Lilyan Tashman and Kay Francis impersonate lilies of Broadway’s fields in “Girls About Town,” the present attraction at the Paramount. This handsomely staged and ably directed production is one that affords no little laughter, but unfortunately it is burdened in the latter stages by highly improbable serious sequences.
“Girls About Town” has something akin to “The Greeks Had a Word for It,” for it is chiefly concerned with the crafty methods of attractive gold-diggers in obtaining gifts from susceptible provincial men of means. Like the play, it was written by Zoe Akins and George Cukor is responsible for the compelling direction. In some respects it is an excellent fashion show, for both Miss Tashman and Miss Francis avail themselves of every opportunity to appear arrayed in the glory of the latest creations, which include gowns, pajamas and bathing suits. And these actresses, representing the blonde and the brunette, look very attractive. The blonde, who is named Marie Bailey, sticks to her, last, but the brunette, Wanda Howard, being of the species that gentlemen marry, falls in love and becomes the wife of a young man who only has to worry about the income tax.
Eugene Pallette has the role of Benjamin Thomas of Lansing, Mich. Thomas has an emphatically parsimonious streak in his nature, but so long as he has money, Wanda and Marie feel sure of getting some of it from him. Thomas, a copper king, has a weakness for playing practical jokes, with the consequence that while Marie calls him Benjy to his face, he is an annoyance to her when she is talking about him to Wanda in the privacy of their boudoir.

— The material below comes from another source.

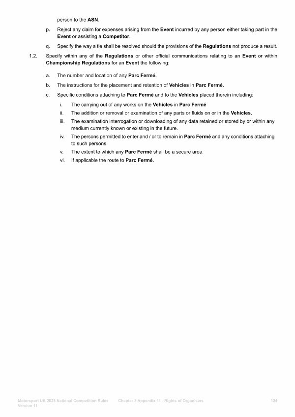 a. The number and location of any Parc Fermé. b. The instructions for the placement and retention of Vehicles in Parc Fermé. c. Specific conditions attaching to Parc Fermé and to the Vehicles placed therein including: i.

Thomas has discovered a golf ball that dissolves in water. Aboard his yacht one bright morning he offers as much as $3,000 to the girl who will dive and bring up a golf ball he throws into the water. It chances that Marie has observed Thomas, watching one of the golf balls dissolve in a glass of water. She therefore gets a real golf ball, makes her dive and, to Thomas’s dismay, appears above the water with the little white sphere in her hand. The stingy Thomas is astonished and he spars for time before paying the $3,000.
Marie and Wanda are on call as chatty charmers who consent to dine or sup with millionaires who might otherwise be lonely. One, Jerry Chase, a business man, is in the habit of calling them up and rewarding them with $500 or $1,000. Thomas, being mean, actually believes that Marie likes him for his cheerful disposition, if not for his appearance. On hearing his wife speaking of him as a skinflint when in a jeweller’s store, Thomas buys gems worth more than $50,000, just to contradict his spouse, but he gives the bracelets, necklace and a watch to Marie, expecting to have them returned to him.
The adapter of this story, however, decided that both Marie and Wanda must do something tinged with nobility. What Marie does with the jewellery has a humorous turn, but Wanda’s conversation with her ex-husband over a matter of $10,000 has a ludicrous turn.
Mr. Pallette is capital. Joel McCrea does quite well as the young man to whom Wanda loses her heart and Allen Dinehart gives a good performance as Jerry Chase. Others who help this film are Robert McWade and George Barbier.